Translational biomedical research seeks to move laboratory findings based on models (in silico, in vitro, and in vivo) into human clinical trials to more expeditiously develop specific therapeutics, and then back again to the laboratory to inform future discovery [1]. From the background of developmental toxicology, it is well known that toxicant exposures may affect critical events in reproductive development, ranging from early primordial germ cell determination to gonadal differentiation, gametogenesis, external genitalia, or signaling events regulating sexual behavior. Translational genetic toxicology takes advantage of this developmental perspective to assess potential germ line mutagenesis or to study the potential for cancer in the fetus or offspring or the adult as the result of environmental exposures. Translational toxicology must strive to identify applicable therapeutics that can safely and effectively identify and help to mitigate potential harm from natural as well as anthropogenic environmental exposures.
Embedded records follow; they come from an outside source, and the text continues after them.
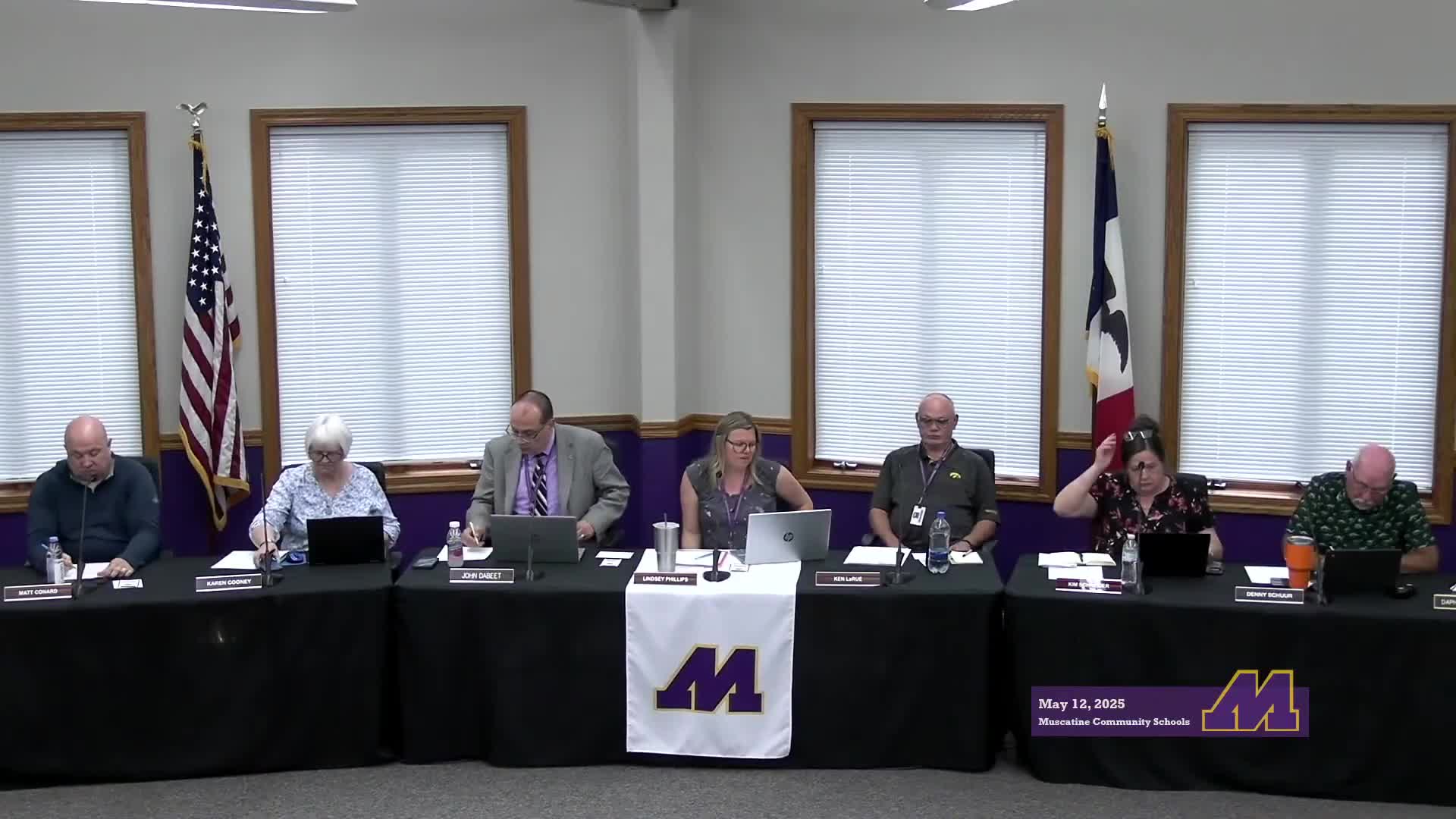 The Muscatine Community School District Board of Education opened a public hearing May 12 to consider an amendment to the fiscal year 2025 budget, received no public comments, and approved the budget amendment.
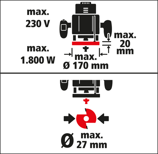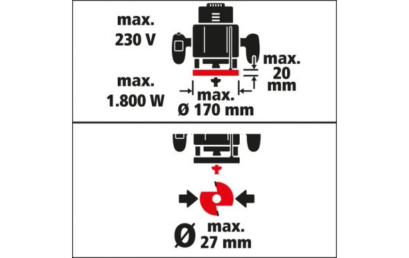 - Γία ρούτερ με μέγιστη ισχύ 1800W, 170mm μέγιστη διάμετρο βάσης και μέγιστο υψος 20mm, και μέγιστη διάμετρο μαχαιριού 27mm
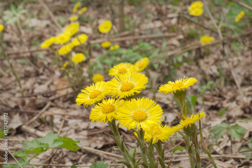 flowers of coltsfoot on leafless stalk. Yellow spring primroses
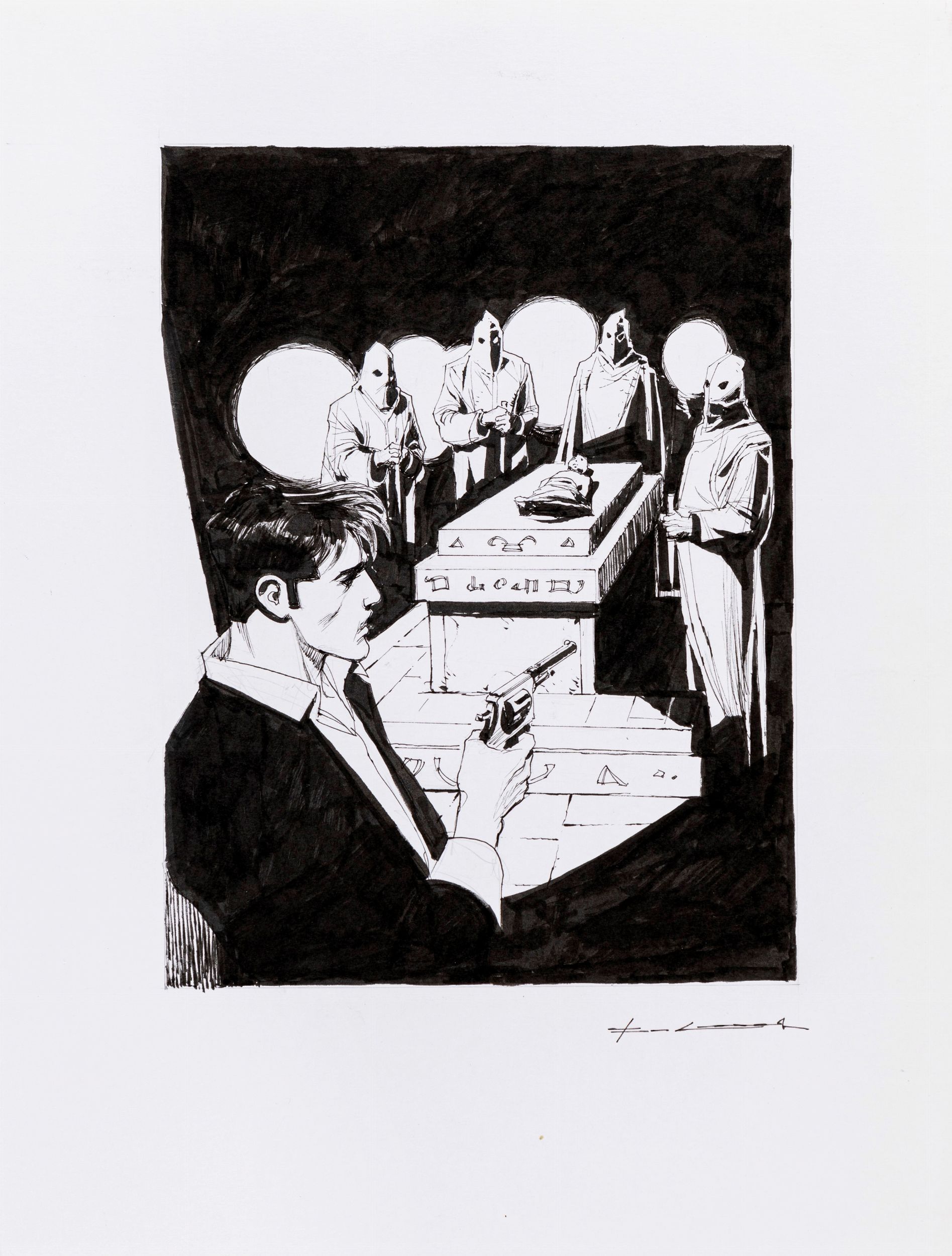 matita, china e acquerello su cartoncino, 24 x 33 cm 2015 Originale di copertina realizzato da Roi per Dylan Dog Grande Ristampa n. 52 edito dalla Bonelli nel 2015. Tra le più affascinanti copertine realizzate da Roi, divenuto nel 2006 copertinista ufficiale di questa nuova ristampa. Firmato.
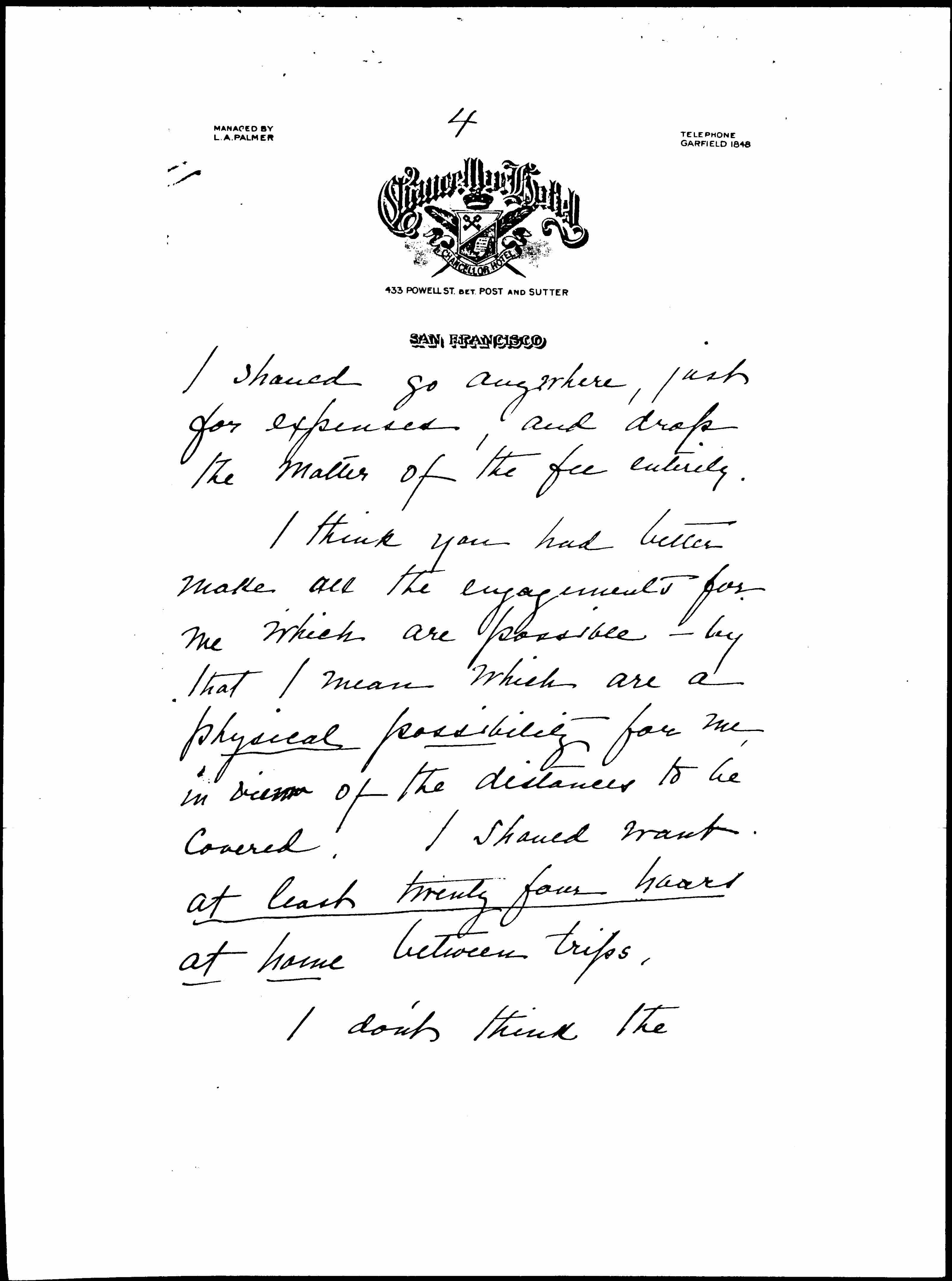 I think you had better make all the engagements for me which are possible -- by that I mean which are a physical possibility for me, in view of the distances to be covered. I should want at least twenty four hours at home between trips.

Human exposures to chemicals, physical agents, and social factors are inevitable, thus the human fetus and the adult are subject to exposures and effects that can have lifelong consequences. Particularly, during dynamic developmental intervals described as “critical windows of susceptibility,” exposures may have robust and durable effects that drive long-term health outcomes, including metabolism, functional status of organ systems, and cancer risks [2]. These same dynamic developmental intervals should be seen as “critical windows of responsivity” during which favorable/protective interventions should also be highly impactful offering potential durable reduction in risks of multiple adverse health outcomes, including cancers. To reduce the lifelong occurrence of preventable cancers, timely protective interventions during “critical windows” should include not only minimization of untoward voluntary exposures and substances of abuse but also active use of protective generally recognized as safe (GRAS) interventions/therapies, including nutritional, dietary supplementation, or well-established/repurposed and/or generally recognized as safe and effective (GRASE) pharmaceutical drugs.

This introductory chapter will promote the elucidation of cell stage, life stage, and lifestyle knowledge of specific cellular and molecular targets of known developmental toxicants, develop a systematic integrated approach to the identification of mutagenic and reproductive toxicants, and discuss sensitive, specific, and predictive animal models, to include minimally invasive surrogate markers, and/or in vitro tests to assess reproductive system function during embryonic, postnatal, and adult life. It will argue that integrated testing strategies will be required to account for the many mechanisms associated with development that occur in vivo. A key organizing principle used throughout this book is to consider how exposures that incur risk or other exposures/life events that may reduce risk during particular windows of susceptibility/developmental transitions, and thereby impact cancer occurrence.

In consideration of any cause–effect relationship, typically one thinks of the simple questions: Who, what, where, when, and how? Admittedly, “How?” questions are generally the most difficult because that understanding is a synthesis of potentially causal pathways. We aim to consider that the “Who?” and “When?” questions could be seen as people being exposed at different intervals across their respective life spans. Thus, in addition to information regarding what exposures occur that influence cancer occurrence, what is and is not known about exposures to those agents during life span intervals such as childhood, adolescence, across the broader life span, and/or late in life? Assessment of such timing of exposure with cancer outcomes seems to be a critical element if we aim to develop protective interventional strategies. In other words, whether we aim to reduce exposures or advocate protective lifestyle or therapeutic interventions, we must know when those interventions would most effectively impact later cancer outcomes.

Although there are differences between human development and that of laboratory animal models, developmental models have been extremely useful in assessing risks for key human reproductive and developmental processes. Some of these models will be discussed in Chapters 2 and 3. However, such systems have not been fully integrated with models to assess germ line mutagenesis or to study the potential for cancer in the fetus or offspring as the result of environmental exposures. Again, Chapters 2 and 3 will address current proposals for experimental animal test system integration.

To delve into the impact of exposures during “windows of susceptibility/responsivity,” we must take into account the unique susceptibilities of the fetus. Relatively, new information suggests that some widely held notions relevant to fetal exposures are incorrect [3]. Thus, we now know that amniotic fluid can be reabsorbed into the fetal circulation by fetal swallowing as well as via the fetal intramembranous pathway. The latter pathway is thought to be the most important mechanism for the resorption of toxicants, such as ethanol, into the fetal circulation [4]. Together with swallowing, this is a recycling system, through which toxic substances are excreted into the amniotic fluid and reabsorbed into the fetal circulation, thus extending the duration of each exposure [5,6]. This and other information relevant to fetal exposure in utero will be discussed in Chapter 8.